The three purposes of a window in a temperate area are for ventilation, sunlight, and viewing. The average cost per window for a replacement is between $300 and $700. To replace all windows in a one-story, three-bedroom home with 10 windows can range from $3,000 to $10,000 depending on the cost per window. To replace more windows in a two-story home with more windows can cost between $10,000 and $20,000. Find out how windows are rated to find out what suits you best.
Windows are rated by their U-factor and Solar heat gain coefficient (SHGC). A window’s U-factor is the rate at which it conducts non-solar heat flow, or how well a window prevents heat from escaping. This is measured in Btu/hr-ft2-ºF. The lower the U-factor, the greater the insulation and more energy-efficient the window. The SHGC is the fraction of solar radiation admitted through the window by being directly transmitted or absorbed, then released into the home as heat. The lower the SHGC, the more efficient because of its less solar heat transmitted and greater shading ability. A window with a high SHGC rating is collects solar heat gain during the winter effectively, and a low rating reduces cooling loads during the summer by blocking heat from the sun effectively. The SHGC rating desired depends on the factors such as climate, orientation, and surrounding shading.
Visible Transmittance is also a measurable way to determine a good and bad window. This measures the amount of light that comes through a window. The higher the VT, the more light is transmitted. This would be more desirable on the north side of a home for more passive solar heating, but not on the east or west sides. Air Leakage is another rating that measures the air infiltration around a window, expressed in cfm/sq ft. The lower the air leakage, the better.

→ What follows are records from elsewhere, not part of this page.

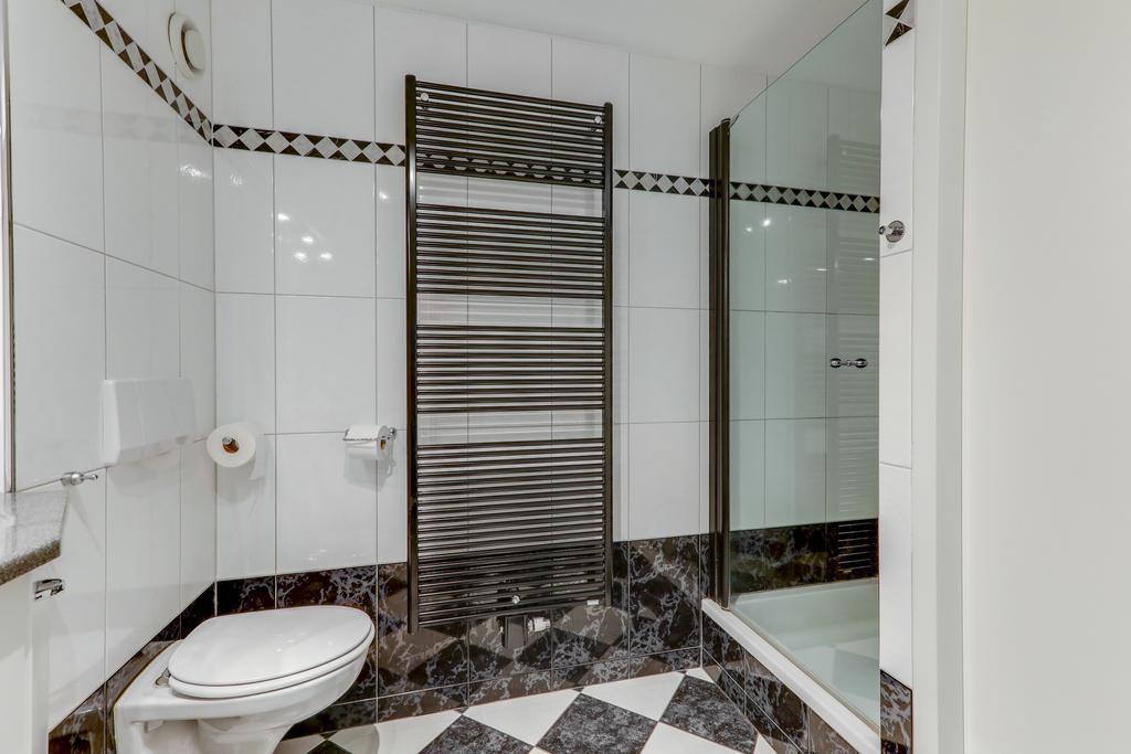 Complete en nette badkamer met ligbad, toilet, douche met glazendouche deur, design radiator, dubbele vaste wastafel in meubel en met spiegelkast.
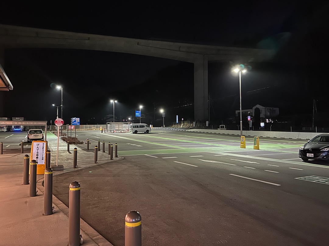 夜は広い駐車場に少しだけ車が駐まっていました。
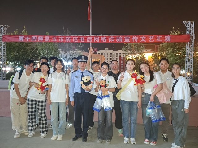 为进一步增强师市广大职工群众的防范电信诈骗的意识和能力,有效遏制电信诈骗案件的发生,bat365在线中文官方网站食育先锋实践团成员在昆玉市时代广场表演了一场别开生面的情景剧——《全民反诈 天下无诈》。
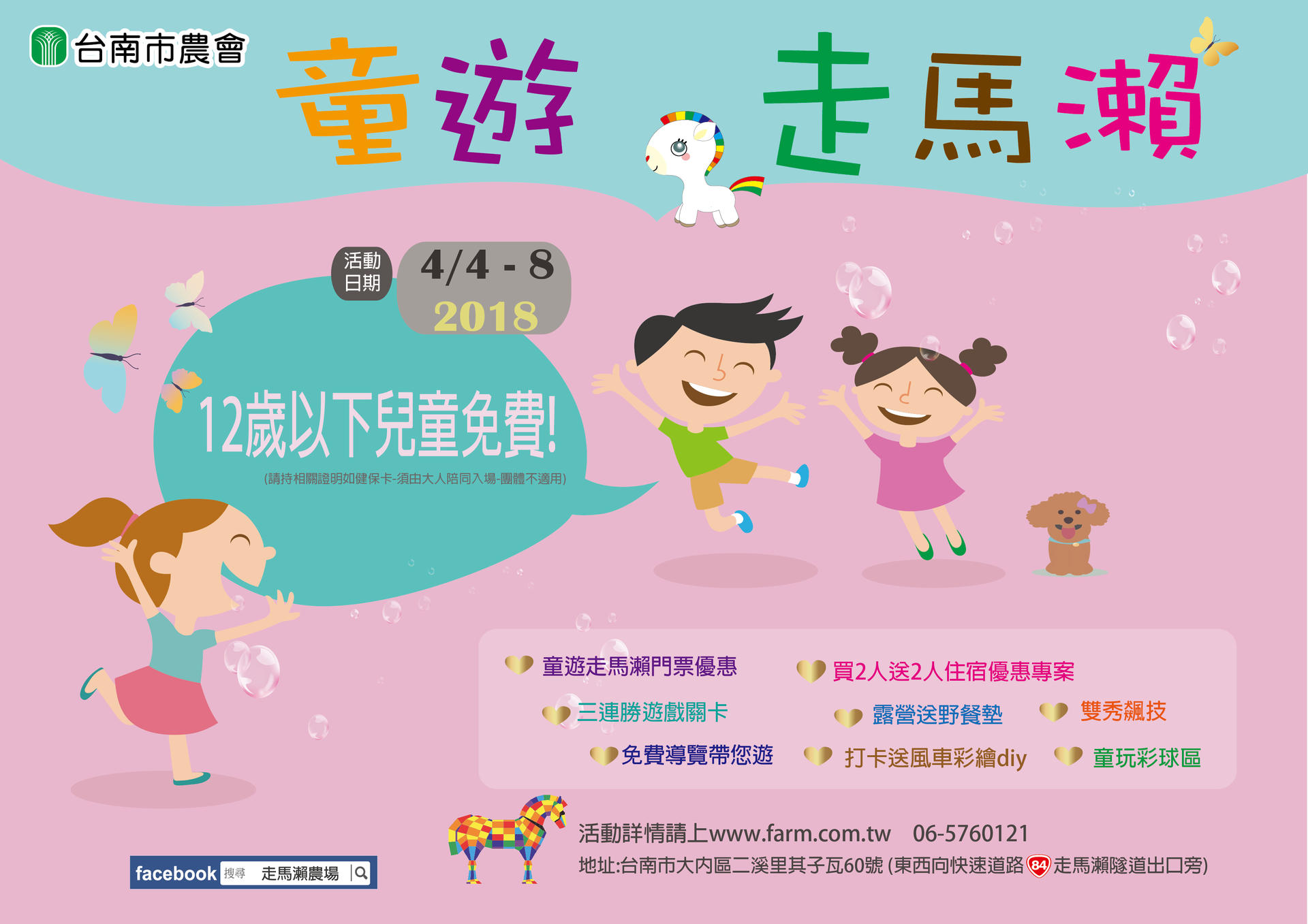 | 好康資訊:12歲以下兒童(含12歲,需有大人陪同)在4/4(三)兒童節當天,持健保卡認證,即可免購入園門票喔! | ||
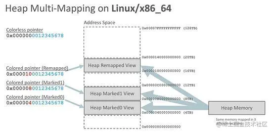 所以可以知道,如果后 m 位一致,那么多个虚拟地址会映射到同一个物理地址的。 详见 。所以 ZGC 利用这一点,把四个标志位不同的虚拟地址提前申请了,让它们都映射到同一个物理地址,解决了 OS 不支持的问题。
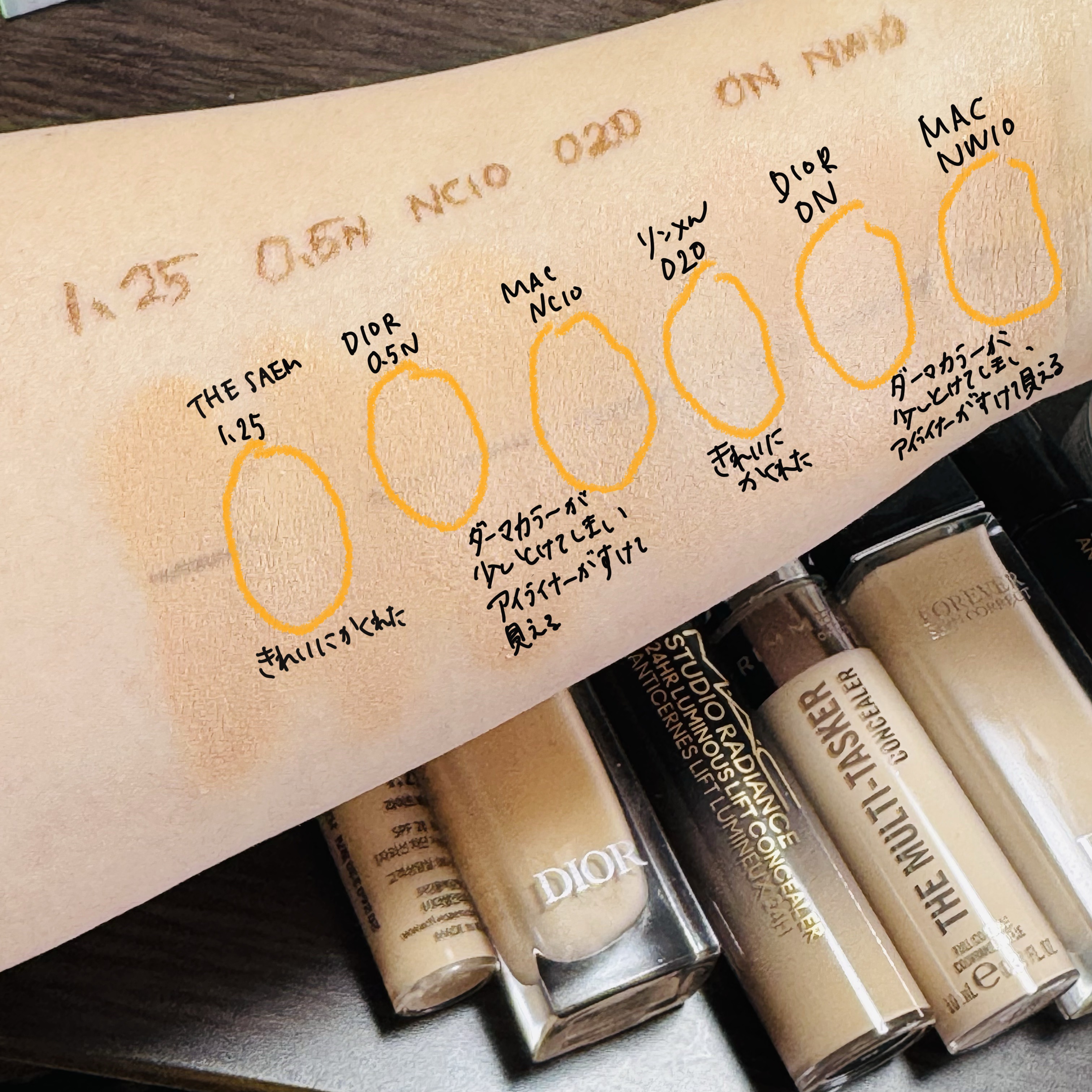 コンシーラーの色味比較その2!楽天ブランドデーで買ったMACはどうでしょう?ってことで、比較してみました。📝前回の知見『ザセム1.25≒ディオール0.5N』でした。さて今回どうかなー!点おきが2枚目ですね。3枚目が伸ばした姿です。MACの公式ショップでは他メーカーでの色味からMACでの近い色を教えてくれる素敵システムがあると思うんですが、だいたい正解な感じでしょうか。😃私はディオールの0Nがいい感じです💻MACではNW10がおすすめ!ってことでNW10をメインカラーとして購入したのですが、伸ばすと大体似た感じです。1日メイクしてマスクに着く具合からすると、MACのがやや持ちはいい気がします。とてもくっつく!というのはどちらもないですね。そして、なんというか。😳『ザセム1.25≒ディオール0.5N≒MACNC10』😳が驚きな感じでした!てことはリンメルの020も似た色味になりそうです。ザセムの1番明るい色味な0.5はディオール0.05Nと同じ明度ですが、黄味とピンクに振れている感。ザセムのブライトナーは持ってないのでわからないですけど、もしかしてディオール00と同じような感じなんでしょうかねー?ディオール00は完全白味なので、通常はハイライトに使うしかないと思います。次回はアイライナーをシミに見立ててカバー力チェックしてみよう✨#コンシーラー#比較レビュー
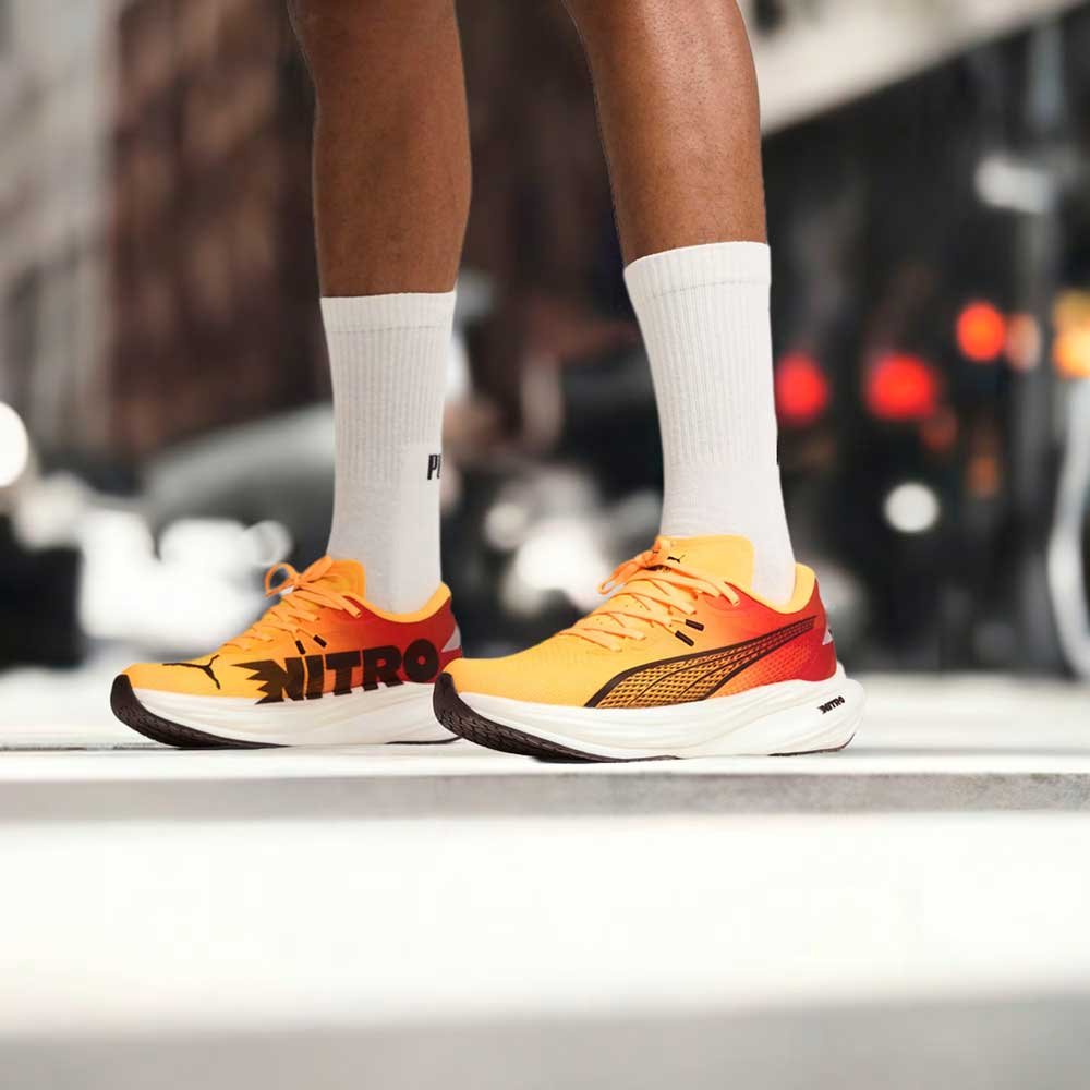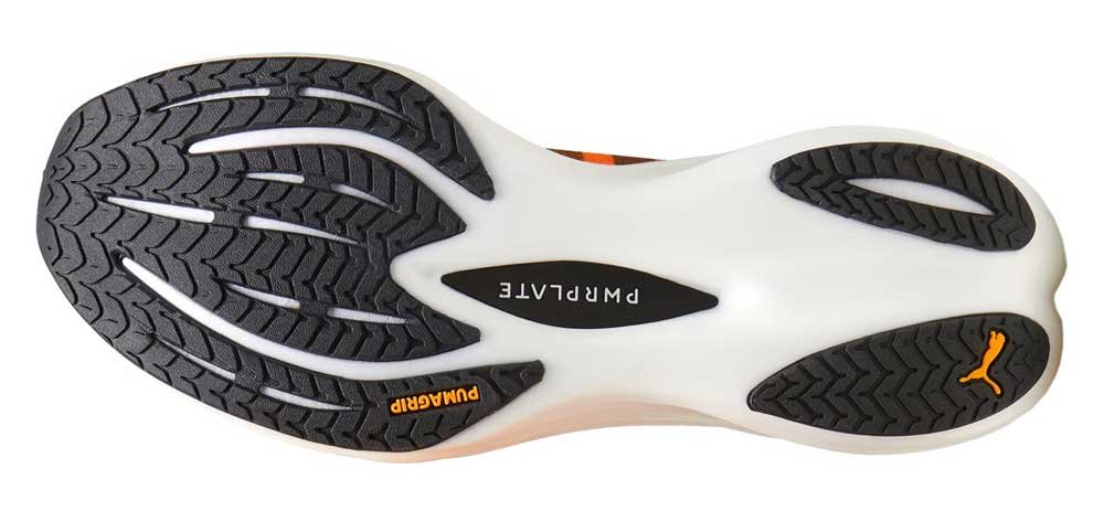 Ключевой особенностью данной модели является пластина из углеродного волокна PWRPlate в подошве - она улучшает возврат энергии и повышает эффективность бега. Протектор подошвы, выполненный из высококачественной резины PumaGrip, гарантирует высокий уровень сцепления с любой поверхностью, будь то асфальт или грунтовые тропинки.
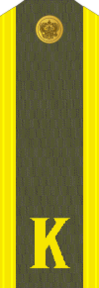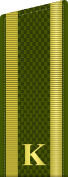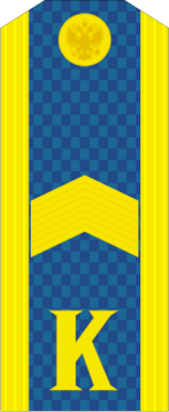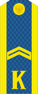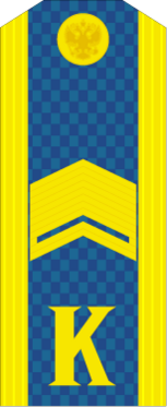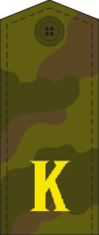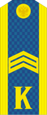 На погонах размещена буква «К» золотистого цвета. Высота буквы — 20 мм, расстояние от нижнего края погона до буквы — 15 мм. На погонах старшин, сержантов и ефрейторов в соответствии с воинским званием размещены металлические угольники золотистого цвета.[6]
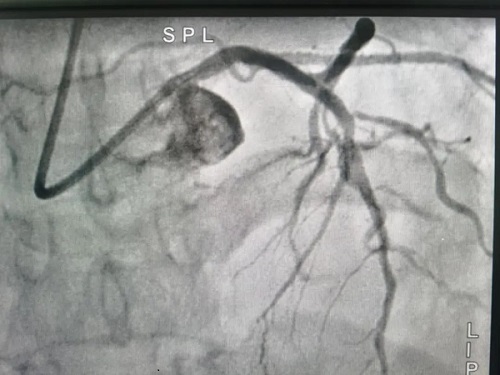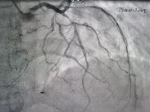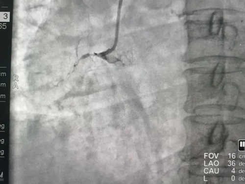 患者龙某,女,59岁,因胸痛2天加重2小时入院,2024年3月9日冠状动脉造影示左主干正常,前降支近中段长斑块,狭窄90%,TIMI血流3级,可见逆向血流至右冠远端;高位钝缘支可见散在斑块,狭窄80-90%,TIMI血流3级;右冠开口发出后完全闭塞,TIMI血流0级。
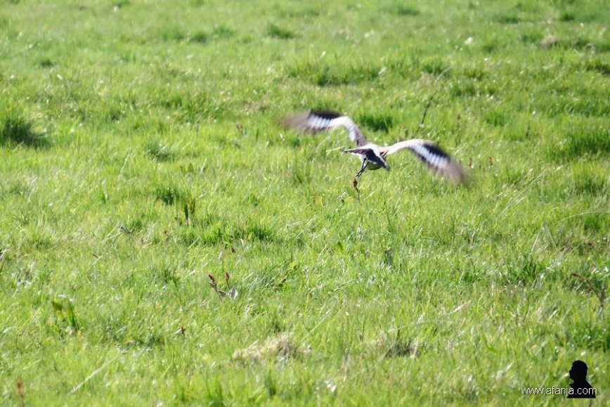 Een grutto die alarmerend opvliegt uit een aangrenzend weiland om zijn jongen te beschermen …
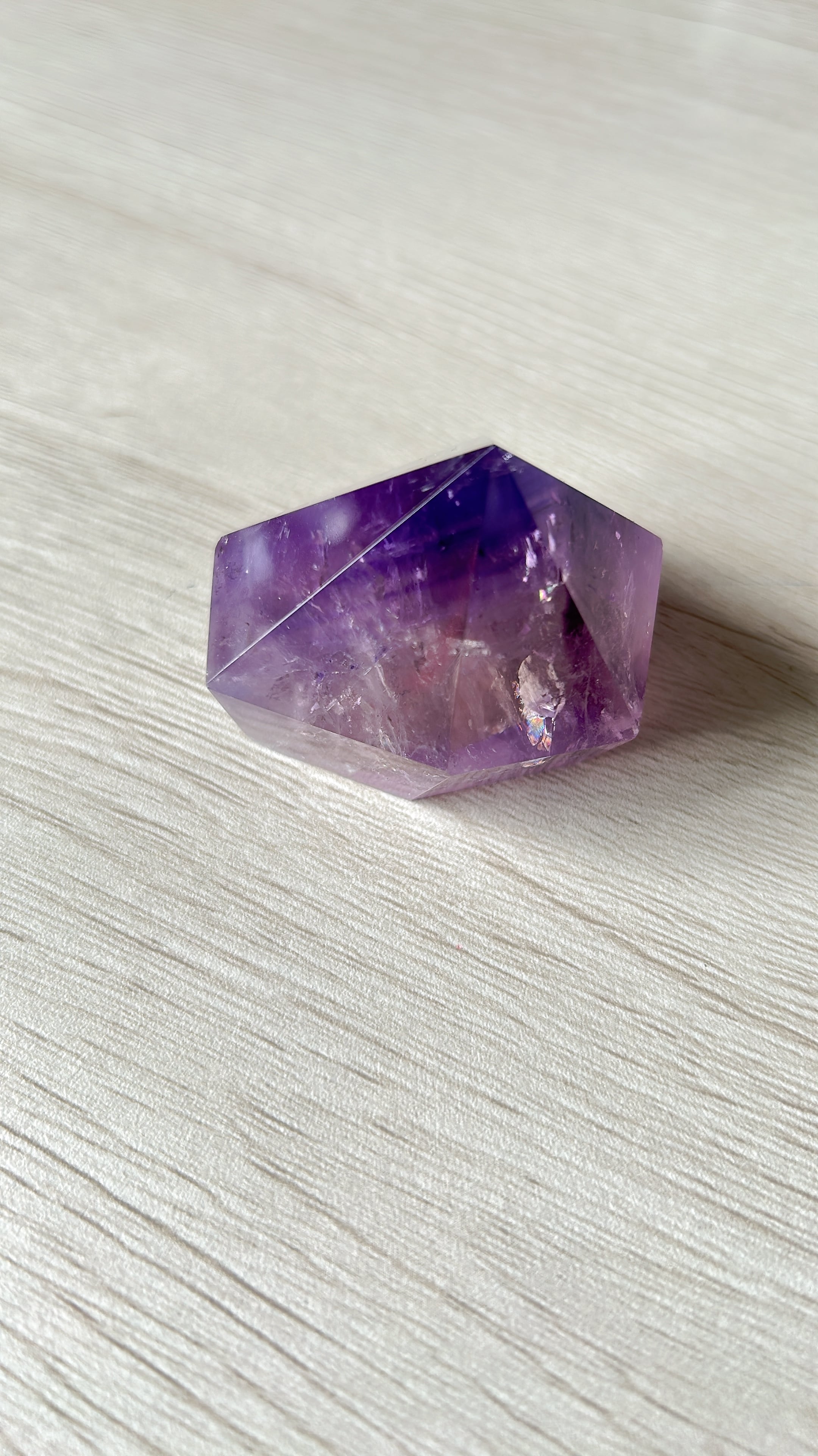 動画でご覧いただける通り、このアメシストには、その両端を繋ぐ「グラデーションの層」が美しく刻まれています。

Windows are rated by the National Fenestration Rating Council (NFRC), who also certifies and labels doors and skylights. This label provides a reliable way to determine window’s energy properties to compare products easily for your interests. Some windows are more energy efficient than other, such as double-pane, low-e and argon filled windows. Look for the Energy Star designation as a starting point, as well as the NFRC label to compare between windows. You may also qualify for a tax credit, so check first before making a purchase. Finally, use a window selection tool such as this one to determine which window is best for your geographic area and needs.